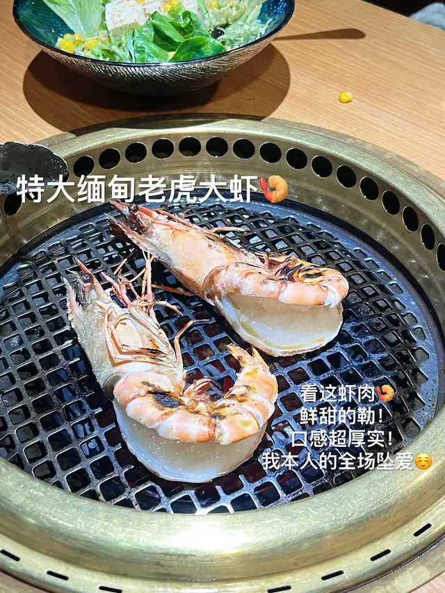 特大缅甸大🦐!两只就能占满烤盘,是那种比较厚实有点嚼劲的口感。
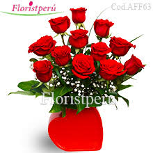 Arreglo floral con 12 rosas y follajes en base de cerámica.
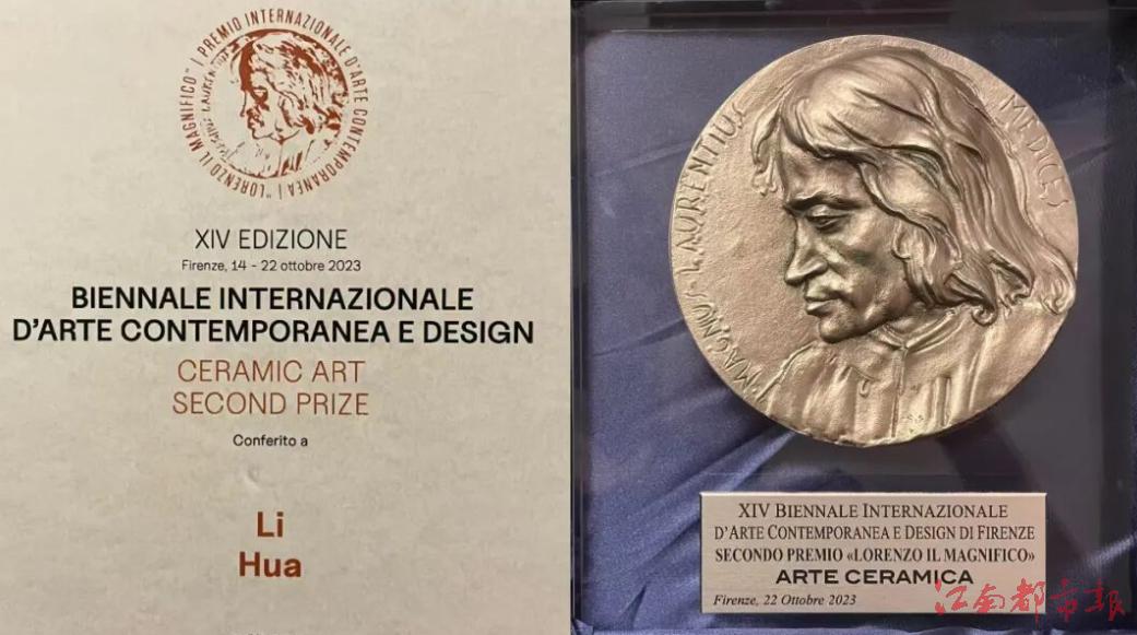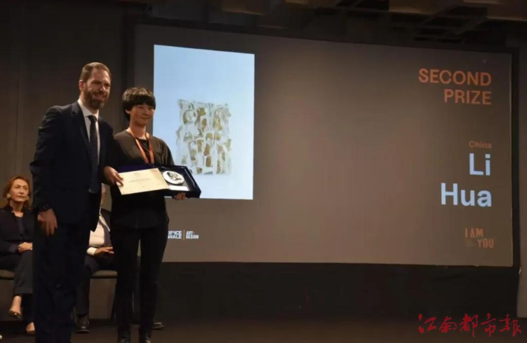 佛罗伦萨双年展艺术总监CELONA JACOPO为李婳颁发奖章及证书
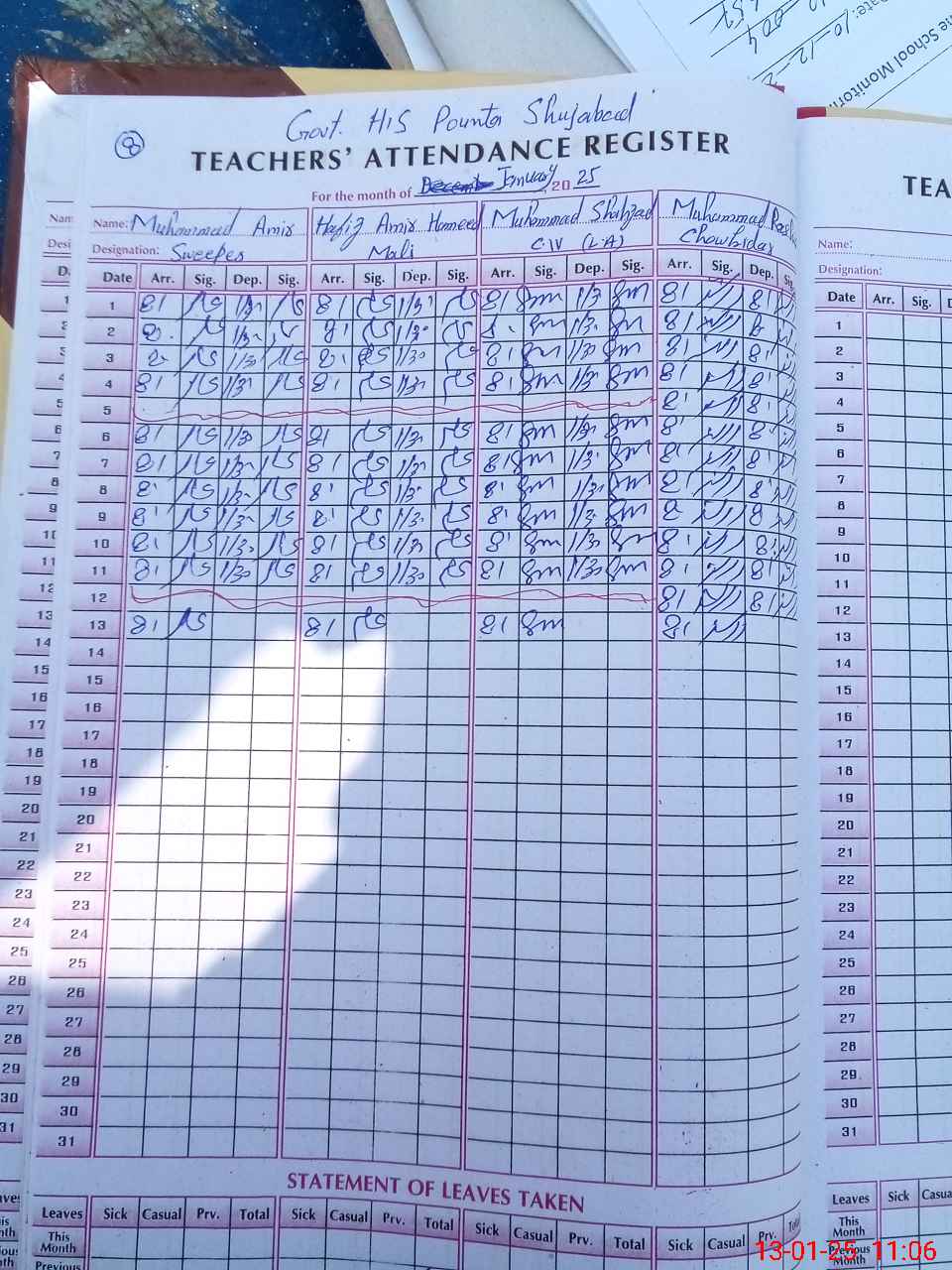 | CNIC | Full Name | Designation | R/C | Absence During Last Calender Month |
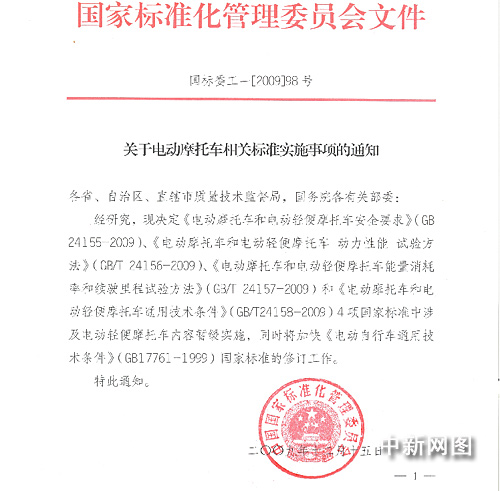 中新網(wǎng)12月16日電 今天,國家標(biāo)準(zhǔn)化管理委員會(huì)在其官方網(wǎng)站發(fā)出《關(guān)于電動(dòng)摩托車相關(guān)標(biāo)準(zhǔn)實(shí)施事項(xiàng)的通知》。通知要求,《電動(dòng)摩托車和電動(dòng)輕便摩托車通用技術(shù)條件》等4項(xiàng)國家標(biāo)準(zhǔn)中,涉及電動(dòng)輕便摩托車的內(nèi)容暫緩實(shí)施。

..........

_WHAT TO DO_:
Find the line with "佛罗伦萨双年展艺术总监CELONA JACOPO为李婳颁发奖章及证书" in the listing above, then write it out along with every later line through the last one, exactly, omitting pictures.

_ANSWER BELOW_:
 佛罗伦萨双年展艺术总监CELONA JACOPO为李婳颁发奖章及证书
 | CNIC | Full Name | Designation | R/C | Absence During Last Calender Month |
 中新網(wǎng)12月16日電 今天,國家標(biāo)準(zhǔn)化管理委員會(huì)在其官方網(wǎng)站發(fā)出《關(guān)于電動(dòng)摩托車相關(guān)標(biāo)準(zhǔn)實(shí)施事項(xiàng)的通知》。通知要求,《電動(dòng)摩托車和電動(dòng)輕便摩托車通用技術(shù)條件》等4項(xiàng)國家標(biāo)準(zhǔn)中,涉及電動(dòng)輕便摩托車的內(nèi)容暫緩實(shí)施。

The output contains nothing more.